AMD firmware update, Security enhancements in Magento, and more: Patch Tuesday - Week 4, June 2019
A major security vulnerability in AMD’s Secure Encrypted Virtualization (SEV) due to improper cryptographic implementations was fixed by the chip maker. It was discovered that the encryption keys that AMD SEV used could be compromised by exploiting this vulnerability (CVE-2019-9836). Thus, encryption in virtual machines (VM) using Linux becomes invalid. AMD has patched this flaw in the firmware update released yesterday. VM users running Linux are advised to apply the update immediately. The update can also be found here.
Apple has released a firmware update for its AirPort series of Wi-Fi routers. The updates address serious vulnerabilities which could lead to denial-of-service (DoS) or allowed remote code execution (RCE). Issues that resulted in these vulnerabilities include out-of-bounds read, null pointer dereference, use after free and improper memory handling.
The update, 7.8.1, is available for AirPort Express, AirPort Extreme, and AirPort Time Capsule base stations with 802.11n. Users are advised to update to this version.
Cisco has released software updates to fix two high-severity security flaws existing in specific products. A command injection vulnerability (CVE-2019-1878), found in Cisco TelePresence Endpoint, could allow attackers to execute malicious shell commands. Likewise, a DoS flaw (CVE-2019-1845) in Cisco Unified Communications Manager IM and Presence Service, Cisco TelePresence Video Communication Server, and Cisco Expressway Series could allow attackers to bar authentication to users.
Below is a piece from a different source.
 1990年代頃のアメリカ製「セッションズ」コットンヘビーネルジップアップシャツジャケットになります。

Users of these products are suggested to install the software updates.
HP has fixed a serious privilege escalation (PE) vulnerability that was present in its Support Assistant application. It could permit attackers to escalate system privileges and subsequently allowed them to modify directories or files. The flaw (CVE-2019-6328) has been patched in version 8.8 which was released last week.
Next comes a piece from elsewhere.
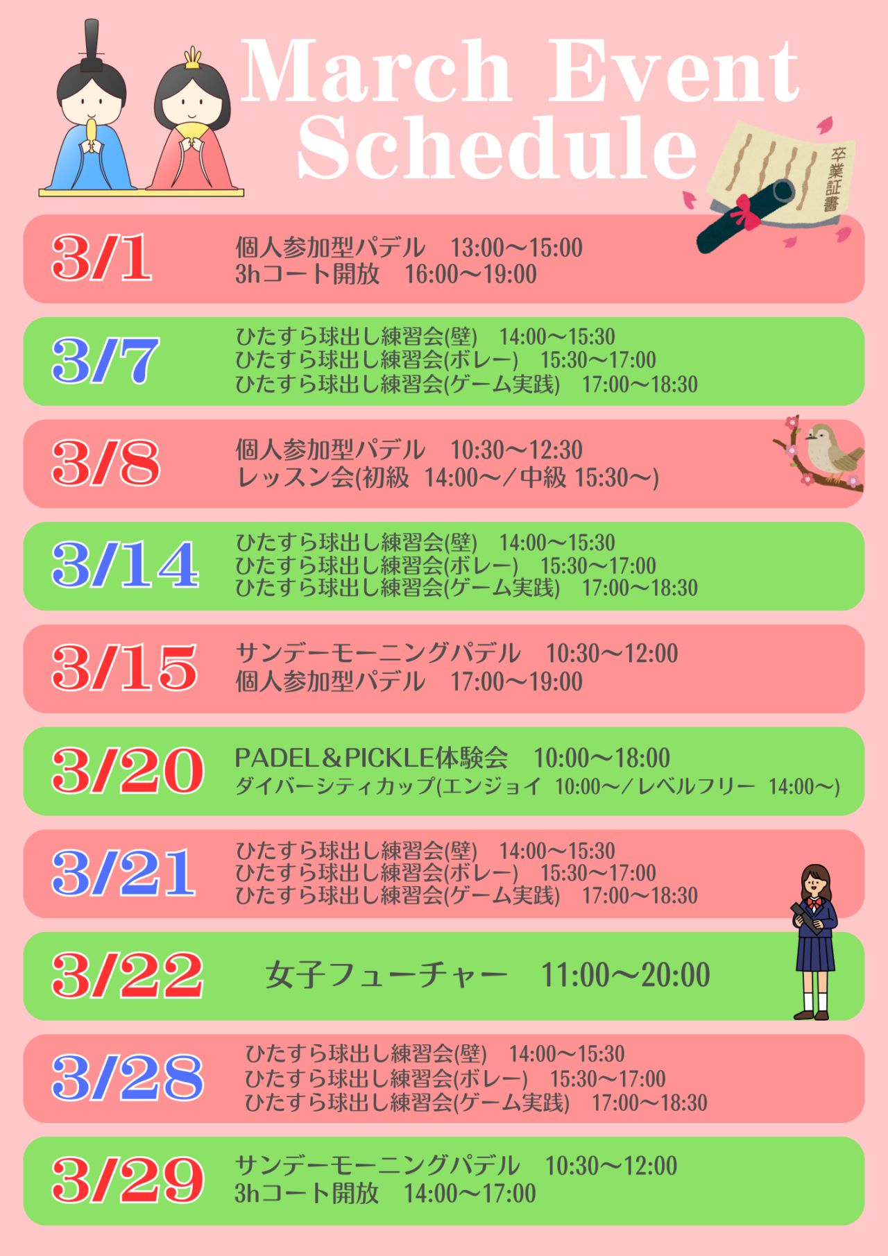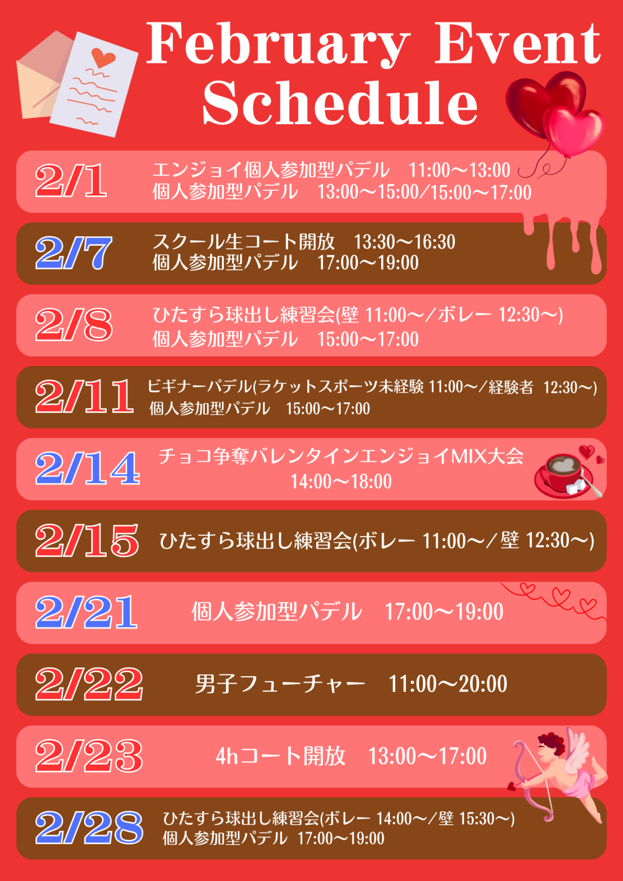 👇パデル福岡が主催する【週末・祝日イベント情報】です♪

HP devices running Support Assistant 8.7.50 and earlier are suggested to update to this version.
With the release of Magento 2.3.2, 2.2.9, and 2.1.18, Magento Commerce has provided 75 critical security enhancements that fix multiple vulnerabilities existing in its CMS platform. Vulnerabilities include RCE, cross-site scripting (XSS), information disclosure (ID), cross-site request forgery (CSRF), insecure direct object reference (IDOR), amongst others. The updates cover both Open Source and Commerce variants of the platform.
The company has also announced that it will be ending security support to Magento 2.1.8 and prior versions.
The last seven days saw RedHat release major security updates for its Enterprise Linux (RHEL) and Virtualization products. In a series of advisories published by the company, two of them address critical vulnerabilities (CVE-2019-11707, CVE-2019-11708) found in Firefox that affect RHEL 6 and RHEL 7. Other important updates resolve security issues that were in kernels for RHEL as well as those in Virtualization.
A detailed list of affected products can be found in the advisories which can be found here.
Ubuntu has fixed numerous vulnerabilities that were present in certain software components, libraries, and the Linux kernel. High-impact vulnerabilities included DoS and RCE. The following are the components patched with updates.
- OpenStack Neutron
- Firefox for Ubuntu
- Linux kernel
Users are advised to apply the respective software update provided by Ubuntu. The advisories can be found here.